I use turmeric ghee all the time… Turmeric Super Ghee I absolutely love. It’s clarified butter with turmeric in it. So at the end of a sauce, you take a spoonful of it and stir it in and then the whole thing becomes silken and golden and lovely.

My favourite cookery writer is a woman called Edna Lewis... She died a while ago, but she was an African American chef and she wrote a beautiful book called The Taste of Country Cooking. It is one of the most beautiful cookbooks I have ever read in my life.

Don’t try to be impressive, try to be delicious… Being delicious in turn will become impressive.

One restaurant that’s worth splashing out on is… The Dorian in Notting Hill – incredible.
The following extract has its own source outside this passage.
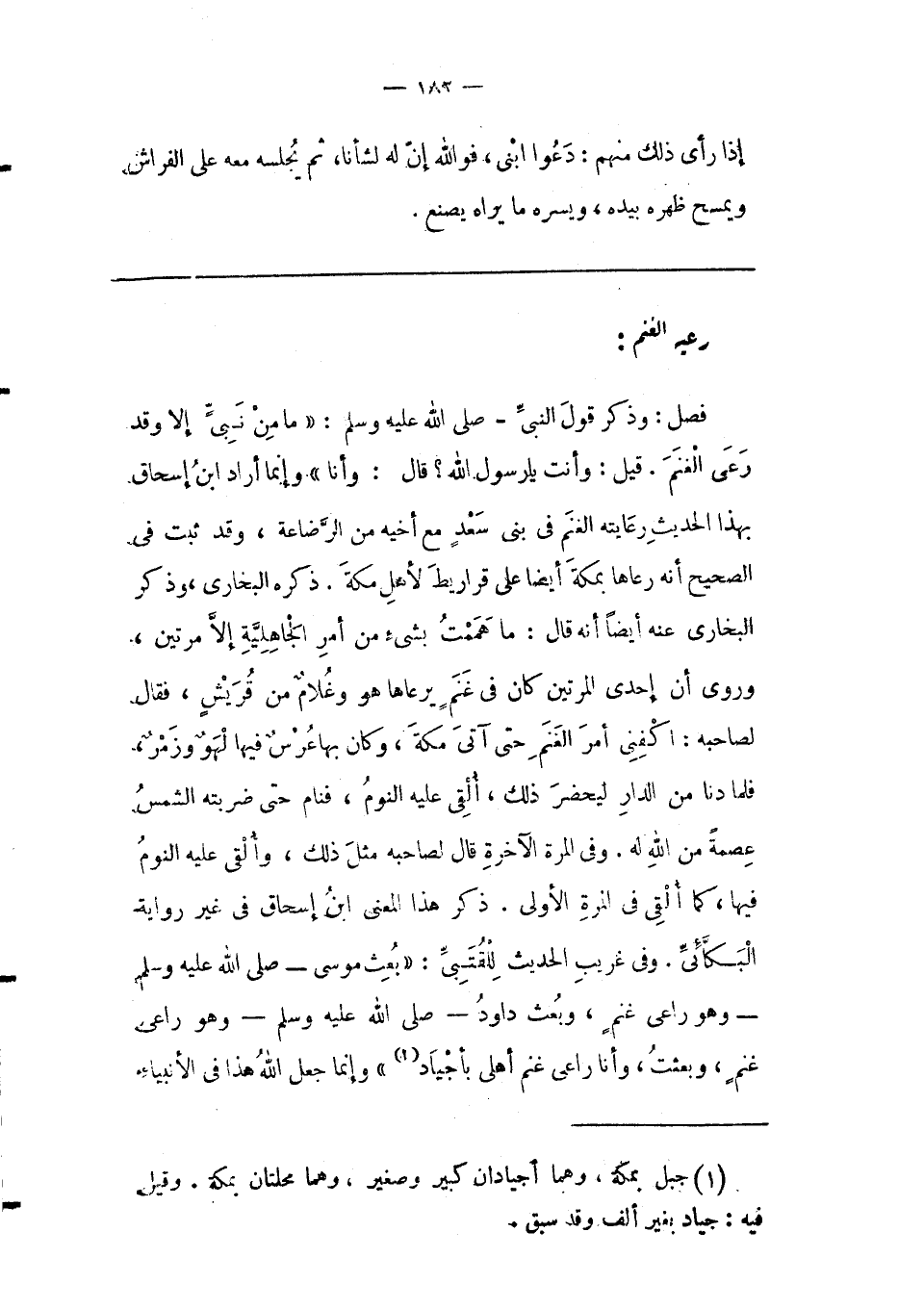 فَصْلٌ: وَذَكَرَ قَوْلَ النّبِيّ- صَلَّى اللَّهُ عَلَيْهِ وَسَلَّمَ: «مَا مِنْ نَبِيّ إلّا وَقَدْ رَعَى الْغَنَمَ.. قِيلَ: وَأَنْتَ يَا رَسُولَ اللهِ؟ قَالَ: وَأَنَا» وَإِنّمَا أَرَادَ ابْنُ إسْحَاقَ بِهَذَا الْحَدِيثِ رِعَايَتَهُ الْغَنَمَ فِي بَنِي سَعْدٍ مَعَ أَخِيهِ مِنْ الرّضَاعَةِ، وَقَدْ ثَبَتَ فِي الصّحِيحِ أَنّهُ رَعَاهَا بِمَكّةَ أَيْضًا عَلَى قَرَارِيطَ لِأَهْلِ مَكّةَ. ذَكَرَهُ الْبُخَارِيّ، وَذَكَرَ الْبُخَارِيّ عَنْهُ أَيْضًا أَنّهُ قَالَ: مَا هَمَمْت بِشَيْءِ مِنْ أَمْرِ الْجَاهِلِيّةِ إلّا مَرّتَيْنِ، وَرَوَى أَنّ إحْدَى الْمَرّتَيْنِ كَانَ فِي غَنَمٍ يَرْعَاهَا هُوَ وَغُلَامٌ مِنْ قُرَيْشٍ، فَقَالَ لِصَاحِبِهِ: اكْفِنِي أَمْرَ الْغَنَمِ حَتّى آتِيَ مَكّةَ، وَكَانَ بِهَا عُرْسٌ فِيهَا لَهْوٌ وَزَمْرٌ، فَلَمّا دَنَا مِنْ الدّارِ لِيَحْضُرَ ذَلِكَ، أُلْقِيَ عَلَيْهِ النّوْمُ، فَنَامَ حَتّى ضَرَبَتْهُ الشّمْسُ عِصْمَةً مِنْ اللهِ لَهُ. وَفِي الْمَرّةِ الْآخِرَةِ قَالَ لِصَاحِبِهِ مِثْلَ ذَلِكَ، وَأُلْقِيَ عَلَيْهِ النّوْمُ فِيهَا، كَمَا أُلْقِيَ فِي الْمَرّةِ الْأُولَى. ذَكَرَ هَذَا الْمَعْنَى ابْنُ إسْحَاقَ فِي غَيْرِ رواية البكّائىّ. وفى غريب الحديث للقتبنىّ: «بُعِثَ مُوسَى- صَلَّى اللَّهُ عَلَيْهِ وَسَلَّمَ- وَهُوَ رَاعِي غَنَمٍ، وَبُعِثَ دَاوُدُ- صَلَّى اللَّهُ عَلَيْهِ وَسَلَّمَ- وَهُوَ رَاعِي غَنَمٍ، وَبُعِثْت، وَأَنَا رَاعِي غَنَمِ أَهْلِي بِأَجْيَادِ»

Max Coen is the chef there and his food is unbelievable. We went there for my daughter’s 40th. And obviously, it’s a very, very special occasion. It’s not cheap by any stretch of the imagination but it’s worth every single penny. He’s a very soulful cook and he is so imaginative and he makes stunning food.

My favourite cheap meal out is… my friend’s restaurant Shankeys in Hackney or The Raglan in Walthamstow. They are amazing and they have an incredible range which is an Indian Irish mix. Sasha in the kitchen is making the most delicious food. He is making things like curry cauliflower cheese paratha and they are crisp and silky and gooey and spicy all at the same time. The most incredible food. I’d order the cauliflower paratha, the most incredible fried chicken and the extraordinary oysters. Get yourself down there and get his chicken and a curried cauliflower paratha, and you’ll thank me for it. At The Raglan, they do this thing called a spice bag where you get fries or you get chicken and you drop them in the bag with a whole bunch of spices and shake it up and it’s absolutely delicious.